**What is required**
Write every line below out again exactly, images omitted.

━━━━━ Data shown

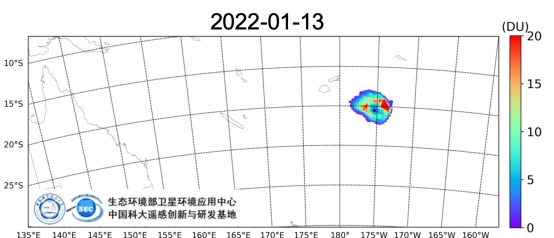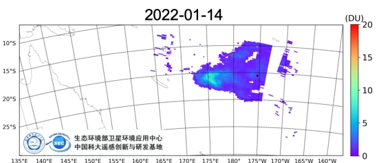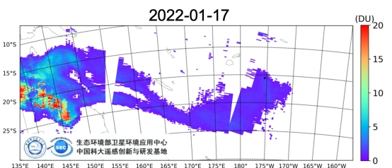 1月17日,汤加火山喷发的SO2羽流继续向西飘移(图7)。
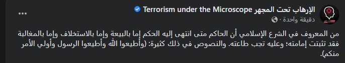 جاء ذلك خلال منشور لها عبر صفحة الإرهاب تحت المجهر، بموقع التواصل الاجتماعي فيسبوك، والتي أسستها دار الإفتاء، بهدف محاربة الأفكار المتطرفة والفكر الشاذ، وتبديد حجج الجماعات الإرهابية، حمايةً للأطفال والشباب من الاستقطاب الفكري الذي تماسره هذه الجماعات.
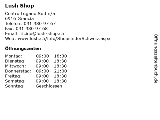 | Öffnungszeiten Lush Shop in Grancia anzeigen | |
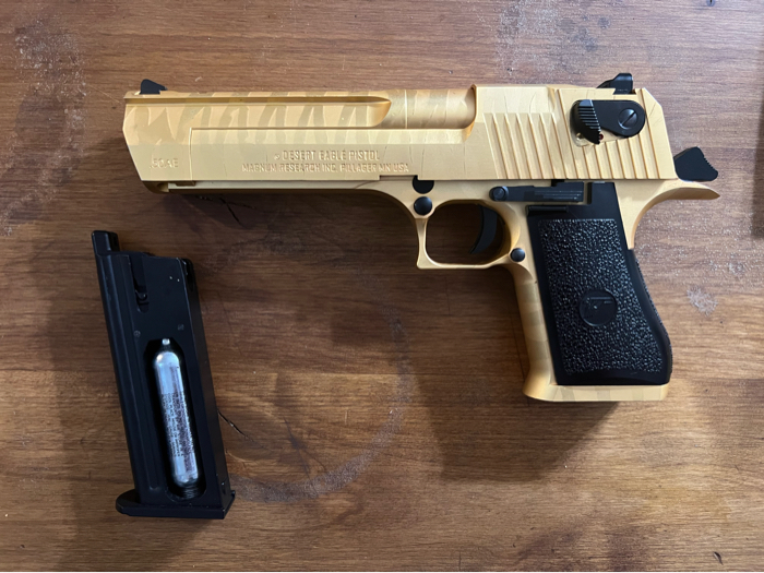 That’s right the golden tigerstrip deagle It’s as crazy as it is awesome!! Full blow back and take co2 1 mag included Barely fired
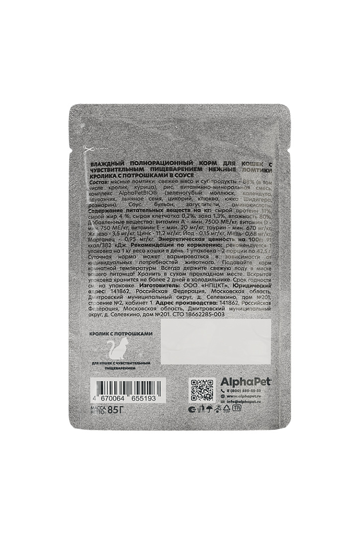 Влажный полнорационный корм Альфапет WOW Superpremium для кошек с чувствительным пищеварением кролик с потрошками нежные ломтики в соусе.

━━━━━━━━━━

**Response to this task**
 1月17日,汤加火山喷发的SO2羽流继续向西飘移(图7)。
 جاء ذلك خلال منشور لها عبر صفحة الإرهاب تحت المجهر، بموقع التواصل الاجتماعي فيسبوك، والتي أسستها دار الإفتاء، بهدف محاربة الأفكار المتطرفة والفكر الشاذ، وتبديد حجج الجماعات الإرهابية، حمايةً للأطفال والشباب من الاستقطاب الفكري الذي تماسره هذه الجماعات.
 | Öffnungszeiten Lush Shop in Grancia anzeigen | |
 That’s right the golden tigerstrip deagle It’s as crazy as it is awesome!! Full blow back and take co2 1 mag included Barely fired
 Влажный полнорационный корм Альфапет WOW Superpremium для кошек с чувствительным пищеварением кролик с потрошками нежные ломтики в соусе.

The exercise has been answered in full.